— Problem statement —
Return every line of the data below exactly, but do not include the images.

— Data provided —
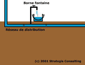 d'eau en béton armé), Réseau de distribution (tuyau PVC), Bornes fontaines
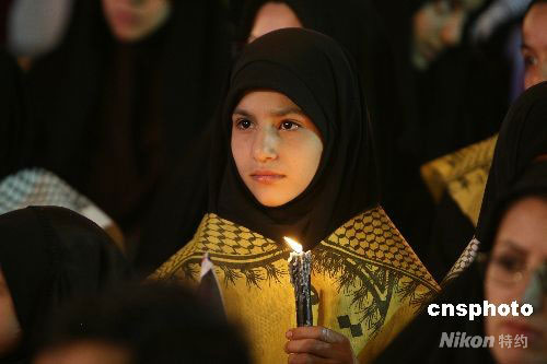 5月15日晚,伊朗民众聚集在首都德黑兰巴勒斯坦广场举行纪念巴勒斯坦第60个“灾难日”活动。以色列1948年5月14日宣布建国。次日,阿拉伯国家与以色列爆发第一次中东战争,大批巴勒斯坦民众为躲避战争而逃亡。巴勒斯坦人因而把5月15日命名为民族“灾难日”,今年是第60周年。中新社发 原丁 摄
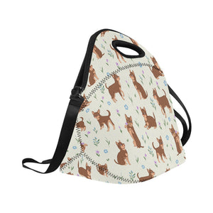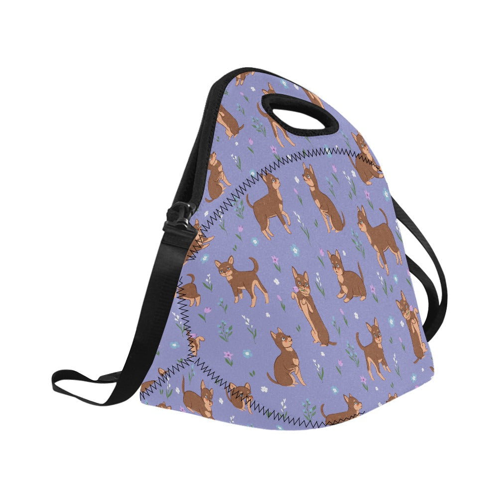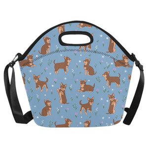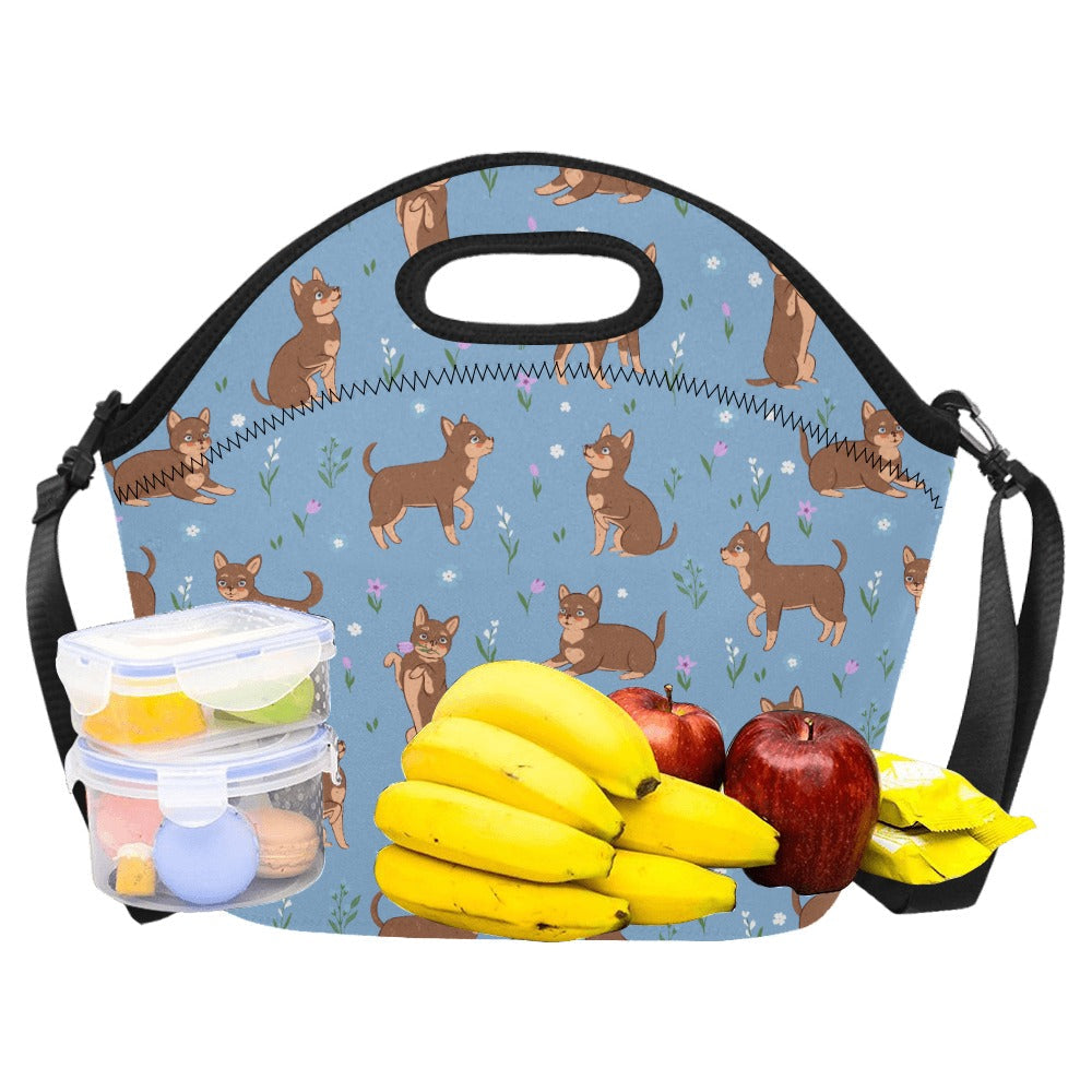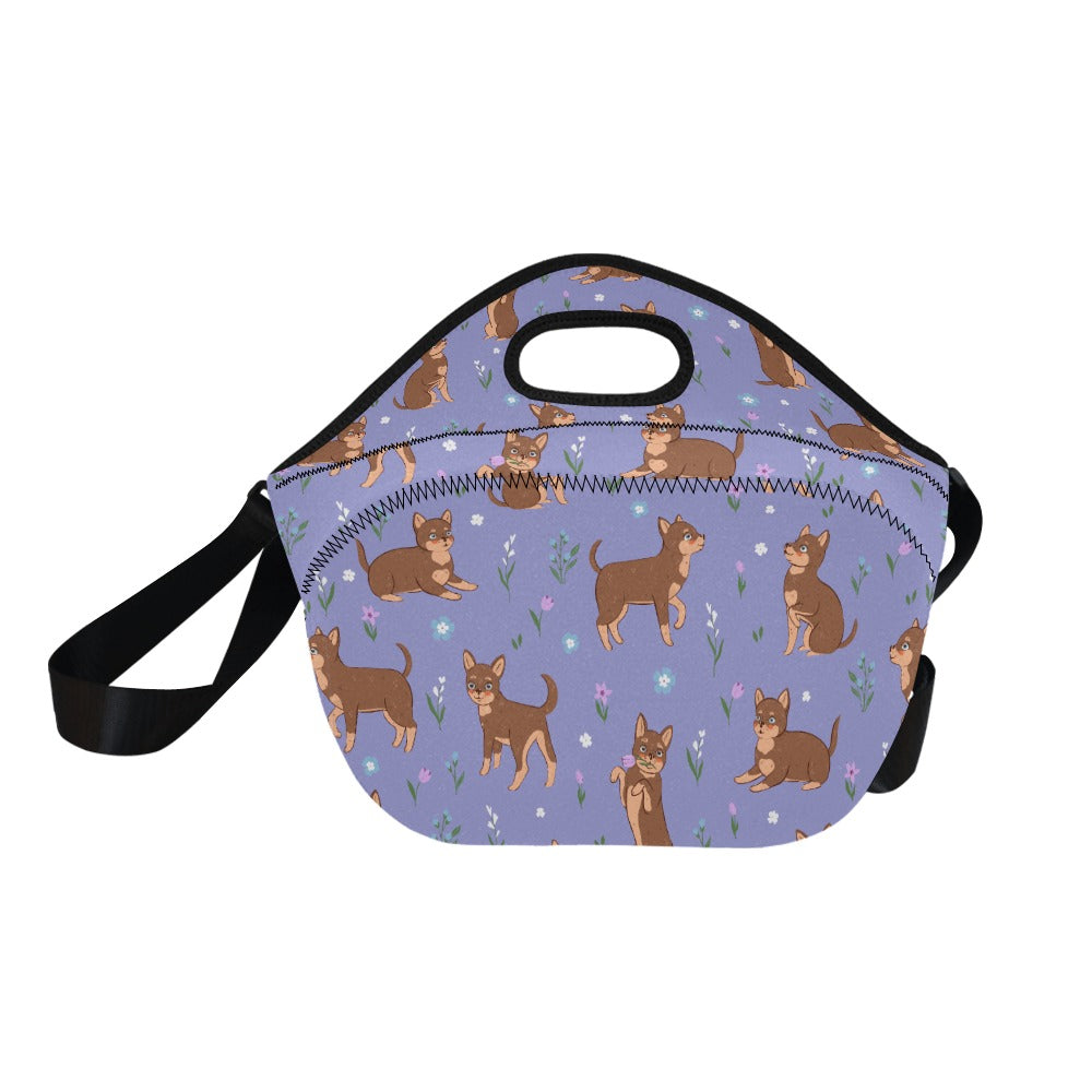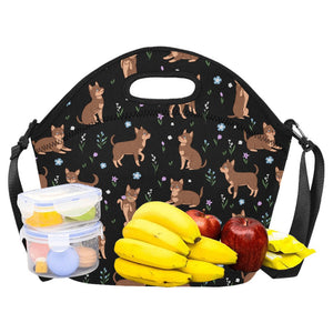 Flower Garden Chocolate Chihuahuas Neoprene Lunch Bag

— Worked solution —
 d'eau en béton armé), Réseau de distribution (tuyau PVC), Bornes fontaines
 5月15日晚,伊朗民众聚集在首都德黑兰巴勒斯坦广场举行纪念巴勒斯坦第60个“灾难日”活动。以色列1948年5月14日宣布建国。次日,阿拉伯国家与以色列爆发第一次中东战争,大批巴勒斯坦民众为躲避战争而逃亡。巴勒斯坦人因而把5月15日命名为民族“灾难日”,今年是第60周年。中新社发 原丁 摄
 Flower Garden Chocolate Chihuahuas Neoprene Lunch Bag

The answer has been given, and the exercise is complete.